Page Cache and Page Fault
Why This Matters
Disk I/O is orders of magnitude slower than memory access — a disk seek takes milliseconds while a RAM read takes nanoseconds. Without caching, every read() or write() would stall waiting for physical storage. The Linux page cache is the kernel's primary mechanism for bridging this gap, and understanding it is essential for diagnosing performance problems, reasoning about memory pressure, and understanding how page faults connect virtual memory to real storage.
The Page Cache
The page cache stores physical pages in RAM whose content comes from disk (the backing store). It works for:
- Regular files
- Memory-mapped files
- Block device files
The cache grows dynamically to consume memory that is otherwise idle, and shrinks when processes or the kernel need more RAM. This is why free often shows most RAM as "cached" on a busy Linux system — that is intentional, not waste.
Buffered I/O Flow
Every read() and write() that does not use O_DIRECT goes through the page cache:
| Situation | What Happens |
|---|---|
| Cache hit | Data is already in a page cache page; copy directly to/from user memory |
| Cache miss | VFS asks the concrete filesystem (e.g., ext4) to read the block from disk, populate the page cache, then serve the request |
Write Caching Policies
Three strategies exist for handling writes:
| Policy | Behavior | Trade-off |
|---|---|---|
| No-write | Writes bypass the cache entirely | Cache stays clean; poor write performance |
| Write-through | Writes update the cache and immediately write to disk | Cache always coherent; high write latency |
| Write-back | Writes update the cache; disk write is deferred | Best performance; risk of data loss on crash |
Linux uses write-back. When a page is written, it is marked dirty (using a tag in the radix tree / xarray). Dirty pages are eventually flushed to disk by the flusher daemon. This absorbs temporal locality in writes: if the same page is written many times in quick succession, only the final version hits the disk.
Cache Eviction
The page cache is smaller than the disk, so pages must eventually be evicted to make room.
Naive LRU
The simplest policy is Least Recently Used (LRU): track the last access time for every page and evict the oldest. LRU works well for repeated-access patterns, but fails for streaming workloads — files that are read once and never again flood the LRU list and push out genuinely hot pages.
The Two-List Strategy
Linux solves this with two lists:
| List | Description | Eviction Eligible? |
|---|---|---|
| Inactive list | Pages accessed recently but not confirmed hot | Yes |
| Active list | Pages confirmed hot (accessed more than once) | No |
How pages move:
- A page accessed for the first time goes onto the inactive list, and its page-table access bit is cleared so future accesses can be detected.
- If the page is accessed again while still on the inactive list, it is promoted to the active list.
- If the active list grows much larger than the inactive list, pages are demoted from the active list's head back to the inactive list.
- Pages are evicted from the tail of the inactive list.
This means one-time-access pages cycle through the inactive list and are evicted without ever polluting the active list.
Linux Page Cache Internals
The kernel represents the page cache of each file with an address_space structure:
file → inode → address_space → xarray of pages
↑
one or more vm_area_struct (VMAs)
Key relationships:
- One
address_spaceper file (per inode) - One file can be mapped into multiple VMAs (different processes, different offsets)
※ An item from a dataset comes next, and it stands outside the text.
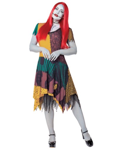 Bring Sally's surreal love story to life in this officially licensed The Nightmare Before Christmas costume! With a soft short-sleeved dress, a sequin-lined neckline, and a ruby red wig, this costume will make you look more like a sweet dream than a nightmare. Officially licensed Includes: Dress Wig Short sleeves Asymmetrical hem Material: Polyester, spandex Care: Hand wash Imported Note: Tights sold separately.

- Each VMA has its own page tables pointing into the same physical pages in the
address_space
The new kernel uses xarray (previously radix tree) to index pages within an address_space by file offset.
Page Fault Handling
When a process accesses a virtual address that has no valid PTE, the CPU raises a page fault. The kernel entry point is handle_pte_fault (mm/memory.c), which identifies the faulting VMA and dispatches to a fault handler:
| Handler | Trigger |
|---|---|
do_anonymous_page |
No PTE, no backing file (heap/stack) |
filemap_fault |
PTE absent but VMA is backed by a file |
do_wp_page |
PTE is read-only but VMA is writable → Copy-on-Write |
do_swap_page |
Page was swapped out |
File-Mapped Page Fault (filemap_fault)
Occurs when a PTE entry is missing (---) but the VMA is accessible and has an associated file (vm_file):
- Look up the file's
address_spacefor the faulting page offset. - Cache hit: map the existing page cache page into the PTE.
- Cache miss: call
mapping->a_ops->readpage(file, page)to load it from disk, then map it.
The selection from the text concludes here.